Monday 13 January 2014

Postgres character set conversion woes

I had to struggle with sorting out some badly encoded data in Postgresql over the last day or so.
This proved considerably more hassle than I expected, partly due to my ignorance of the correct syntax to use to convert textual data.

So on that basis I thought I would share my pain!

There are a number of issues with character sets in relational databases.

For a Postgres database the common answers often relate to fixing the encoding of the whole database. So if this is the problem the fixes are often just a matter of setting your client encoding to match that of the database. Or to dump the database then create a new one with the correct encoding set, and reload the dump.

However there are cases where the encoding is only problematic for certain fields in the database, or where you are creating views via database links between two live databases of different encodings - and so need to fix the encoding on the fly via these views.

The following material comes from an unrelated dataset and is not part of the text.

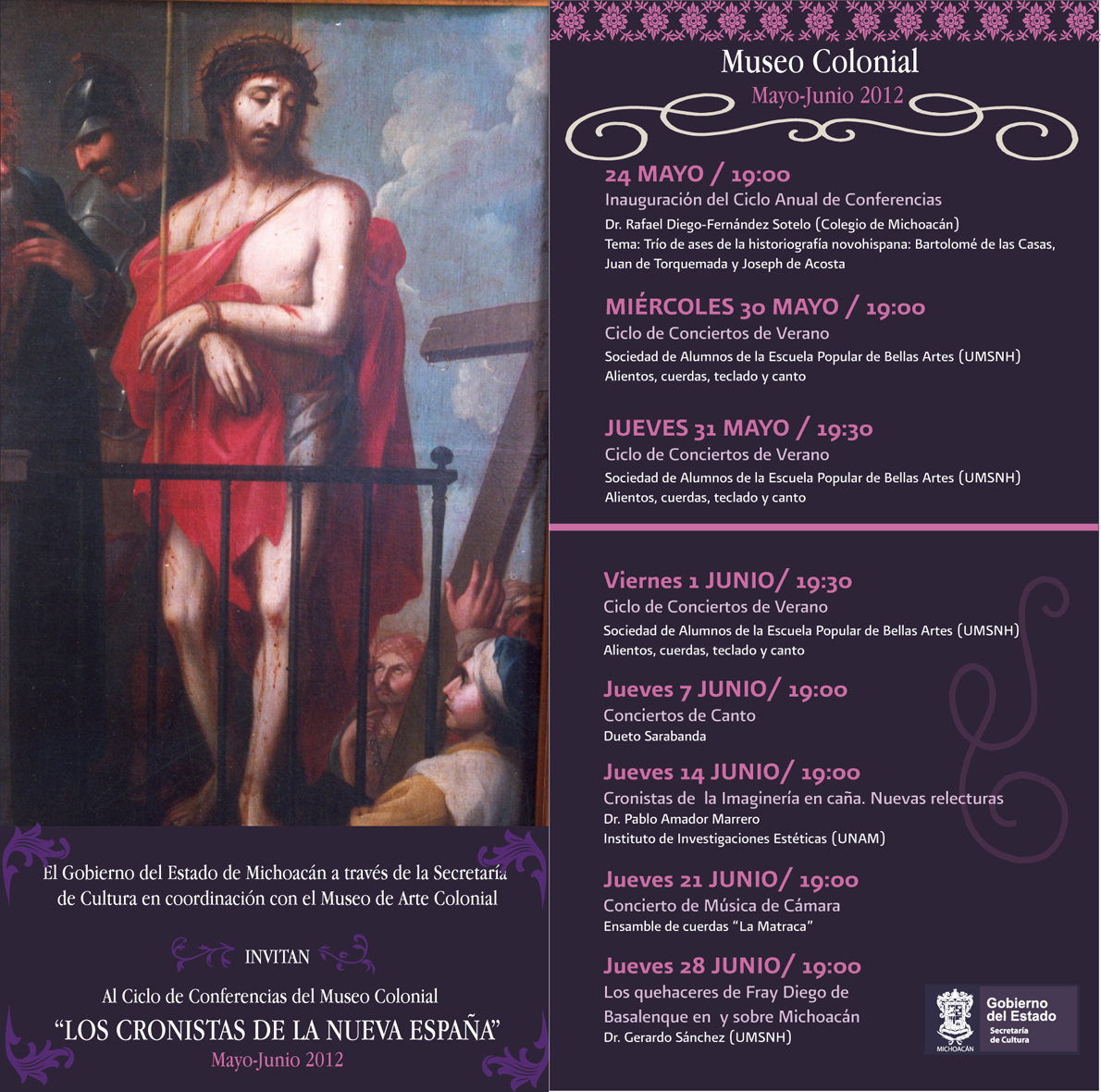 Morelia, Mich., 24 de mayo del 2012.- Del 24 de mayo al 27 de septiembre del 2012 el Museo de Arte Colonial realizará el ciclo de conferencias “Los cronistas dela Nueva España”, en el que se contará con la participación de investigadores de diversas instituciones educativas, quienes hablarán sobre la historia, el legado y la crónica realizada por algunos frailes de diferentes órdenes del clero regular, cuya labor fue conformando a la sociedad, durante la época del Virreinato.

Ideally you have two databases that are both correctly encoded, but just use different encodings.
If this is the case you can just use convert(data, 'encoding1', 'encoding2') for the relevant fields in the view.

Then you come to the sort of case I was dealing with. Where the encoding is too mashed for this to work. So where strings have been pushed in as raw byte formats that either don't relate to any proper encoding, or use different encodings in the same field.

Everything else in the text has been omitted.